Das gezielte Ausschalten von Genen durch homologe Rekombination (gene targeting) in embryonalen Stammzellen (ES-Zellen) der Maus hat sich in den letzten Jahren schnell entwickelt und eignet sich zur Funktionsanalyse von Genen im Organismus, sowie zur Analyse von größeren Genomabschnitten im Rahmen von Positionsklonierungs- und Genom-Projekten. Im Laufe dieser Arbeit wurde eine weiterentwickelte Form des gene targeting, die Cre/loxP vermittelte Rekombination, eingesetzt, um große, sequenzspezifische Deletionen in das Chromosom 11 der Maus einzufügen. Grundlegend für das Cre/loxP-System ist eine gut charakterisierte Region im Mausgenom, in der zwei Deletionsendpunkte festgelegt werden können. In diese Deletionsendpunkte werden zwei loxP-Elemente integriert, die spezifisch von dem Cre-Enzym erkannt werden. Der genomische Bereich zwischen den beiden loxP-Elementen wird durch die Cre-Rekombinasereaktion deletiert.
Für das Einbringen der loxP-Elemente in das Mausgenom müssen zwei Targetingvektoren konstruiert werden, die aus dem loxP-Element, einer Resistenzkassette und genomischer, zum Ziellokus homologer, DNA bestehen. Die homologe genomische DNA sollte isogen zu der ES-Zell-DNA sein. Aus diesem Grund wurde in der bereits gut durch YACs charakterisierten wobbler Region auf Maus Chromosom 11 ein BAC-Contig erstellt. Nach einer BAC-Screening-, -Kartierungs- und -Orientierungsphase konnte mit der Deletionsvektorkonstruktion begonnen werden. Es wurden insgesamt sechs Targetingvektoren hergestellt, die zur Generierung von Deletionen in der wobbler kritischen Region eingesetzt werden können. Zwei dieser Targetingvektoren wurden in aufeinanderfolgenden Elektroporationen in das ES-Zellgenom gebracht. Es existieren fünf ES-Zellklone, die zwei korrekt in das Genom integrierte Targetingvektoren tragen. Durch eine transiente Cre-Expression kann der Bereich zwischen den integrierten loxP-Elementen in den ES-Zellen deletiert werden. Die ES-Zellen werden anschließend für eine Blastozysteninjektion oder Morulaaggregation verwendet, um chimäre Mäuse zu generieren.

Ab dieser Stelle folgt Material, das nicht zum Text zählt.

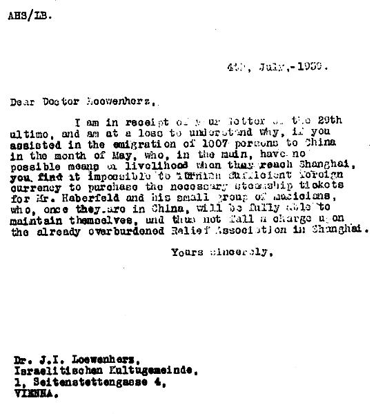 Dear Doctor Loewenherz I am in receipt of your letter of the 29th ultimo, and am at a loss to understand why, if you assisted in the emigration of 1007 persons to China in the month of May, who, in the main, have no possible means of livelihood when they reach Shanghai, you find it impossible to furnish sufficient foreign currency to purchase the necessary steamship tickets for Mr Haberfeld and his small group of musicians, who, once they are in China, will be fully able to maintain themselves, and thus not fall a charge upon the already overburdened Relief Association in Shanghai. Yours sincerely

In dieser Arbeit wurde ebenfalls ein "alternatives" Konzept zur Herstellung von Deletionen im wobbler kritischen Bereich verfolgt. Durch die Integration eines negativen Selektionsmarkers (das Thymidin Kinase Gen = TK Gen) und einer anschließenden Bestrahlung der ES-Zellen mit [gamma]-Strahlen kann spezifisch auf den Verlust des TK Gens selektiert werden. Durch die Bestrahlung verlieren die ES-Zellen flankierend zu dem TK Gen auch genomische Bereiche. So entsteht eine ganze Reihe von unterschiedlichen Deletionen innerhalb der ausgewählten Region. Diese Strategie wurde für die wobbler Region angewandt. Es konnten elf Klone ermittelt werden, die durch die Bestrahlungsreaktion das TK Gen verloren haben. Diese Klone werden zurzeit charakterisiert, um die Größe der erzeugten Deletionen festzustellen. Anschließend werden auch diese Klone in Blastozysten injiziert oder mit Embryonen im Morulastadium aggregiert. Die aus beiden Methoden resultierenden Deletionsmäuse werden in verschiedenen Kombinationen verpaart, mit dem Ziel, die wobbler kritische Region zu verkleinern und um die in dem Deletionsintervall liegenden Gene zu charakterisieren.